**YOUR INSTRUCTIONS**
The data below should be retyped exactly, with the pictures left out.

**EXERCISE INPUT**
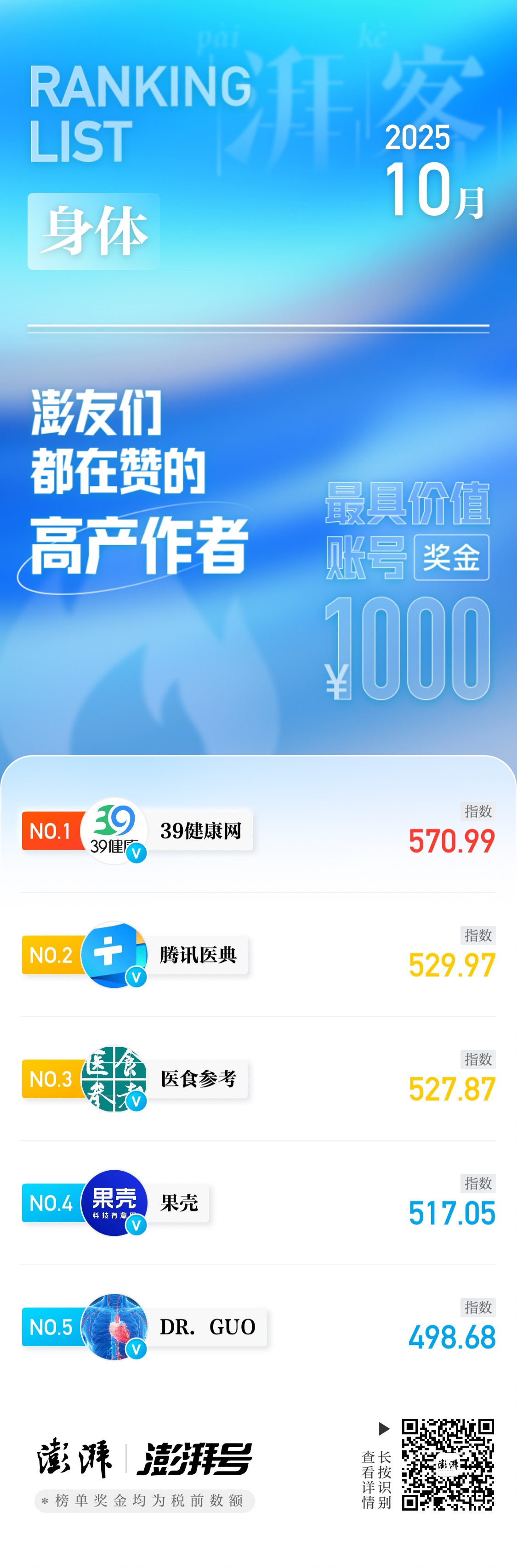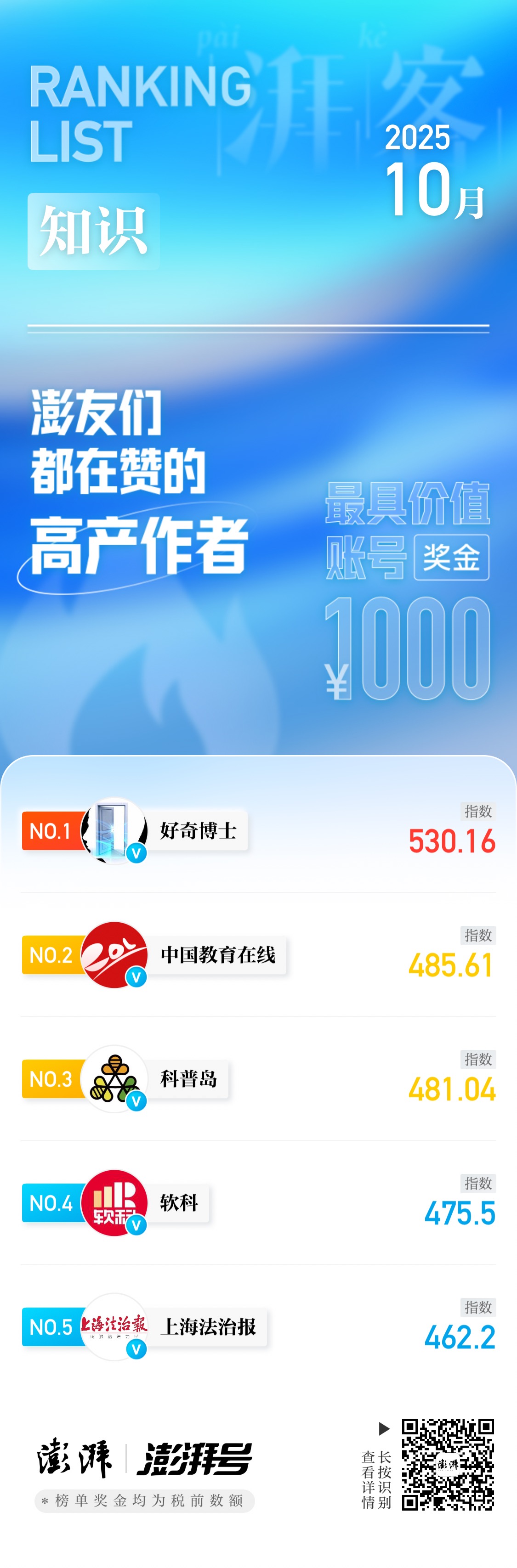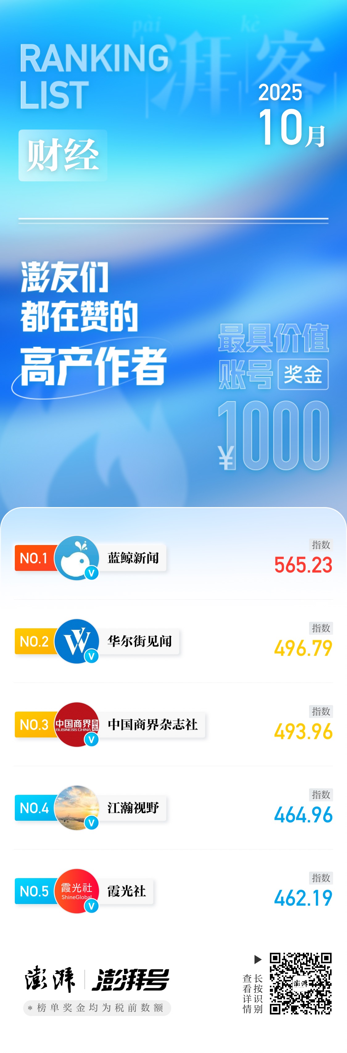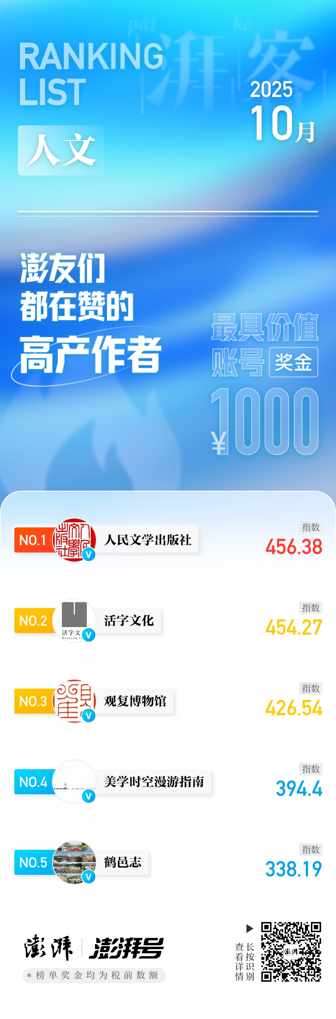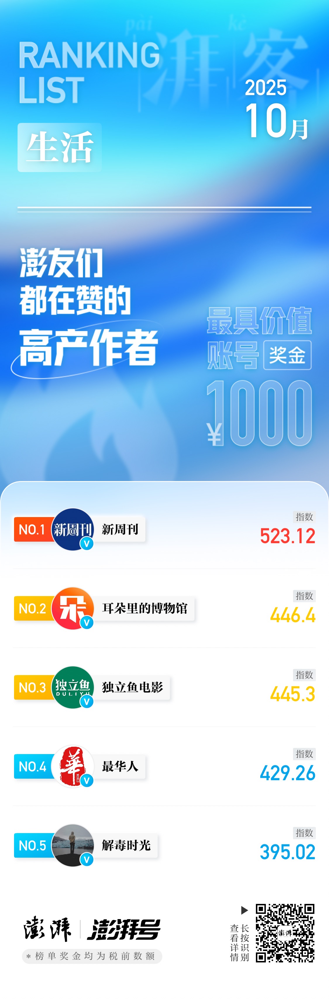湃客指数10月榜|澎友们都在赞的高产作者
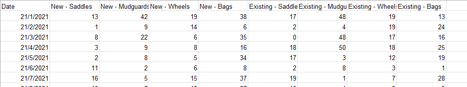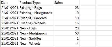 Let’s look at the following data. There are multiple data fields that have similar characteristics like ‘New-’ and ‘Existing-’. These can be pivoted into rows so that each row represents a single observation (Date + Product Type), which makes it easier to filter, aggregate, or visualize.
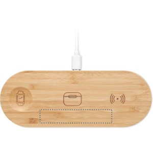 Stazione di ricarica 3 in 1 con custodia in bambù. Include un caricatore wireless da 15W, un...
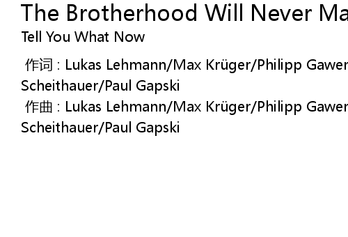 | [00:00.00-1] | 作词 : Lukas Lehmann/Max Krüger/Philipp Gawenda/Florian Scheithauer/Paul Gapski |
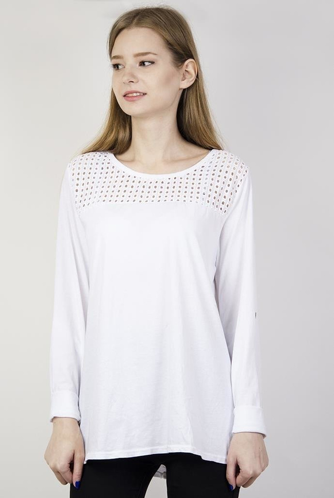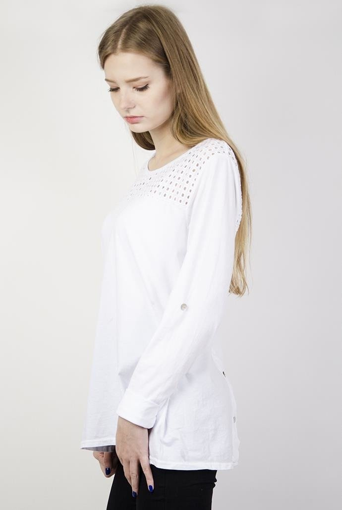 Biała bluzka ze zdobieniami i guzikami z tyłu
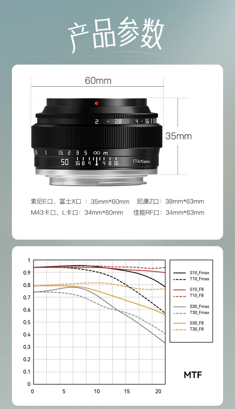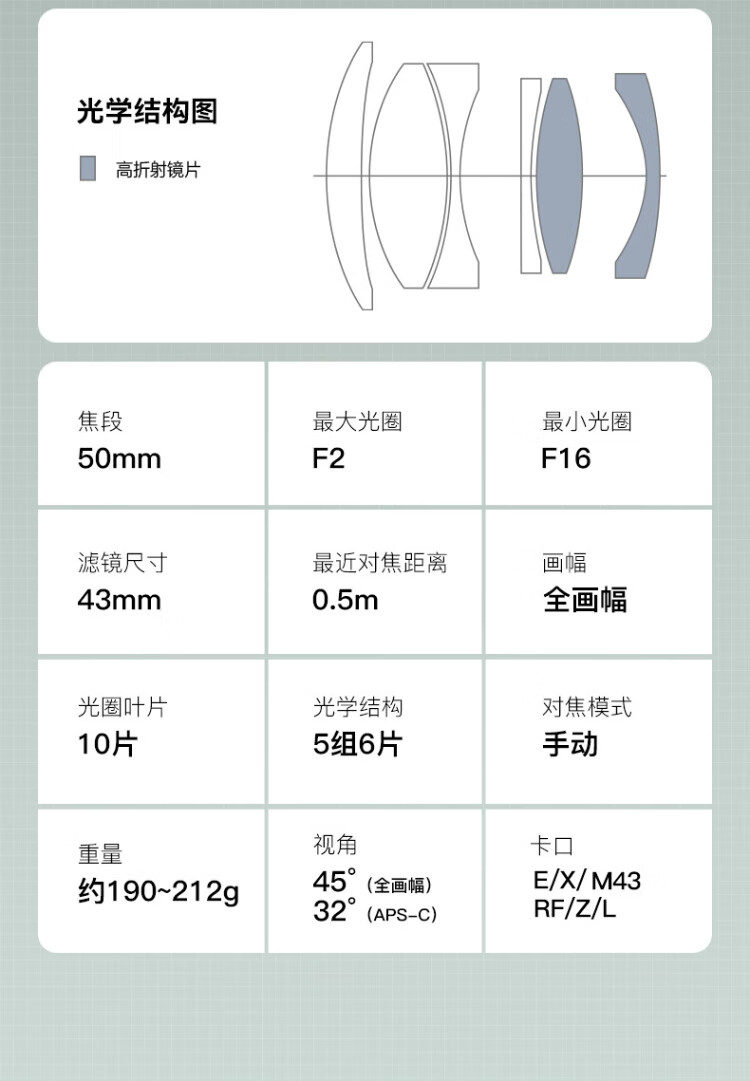 Mingjiang 50mm f2 full-frame fixed focus lens suitable for X-mount/E-mount/Z-mount/L-mount black L-mount
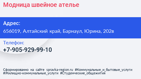 Модница, швейное ателье по адресу 656019, Алтайский край, Барнаул, Юрина, 202в в дальнейшем Организация, размещена в следующих категориях:

**ANSWER SECTION**
湃客指数10月榜|澎友们都在赞的高产作者
 Let’s look at the following data. There are multiple data fields that have similar characteristics like ‘New-’ and ‘Existing-’. These can be pivoted into rows so that each row represents a single observation (Date + Product Type), which makes it easier to filter, aggregate, or visualize.
 Stazione di ricarica 3 in 1 con custodia in bambù. Include un caricatore wireless da 15W, un...
 | [00:00.00-1] | 作词 : Lukas Lehmann/Max Krüger/Philipp Gawenda/Florian Scheithauer/Paul Gapski |
 Biała bluzka ze zdobieniami i guzikami z tyłu
 Mingjiang 50mm f2 full-frame fixed focus lens suitable for X-mount/E-mount/Z-mount/L-mount black L-mount
 Модница, швейное ателье по адресу 656019, Алтайский край, Барнаул, Юрина, 202в в дальнейшем Организация, размещена в следующих категориях:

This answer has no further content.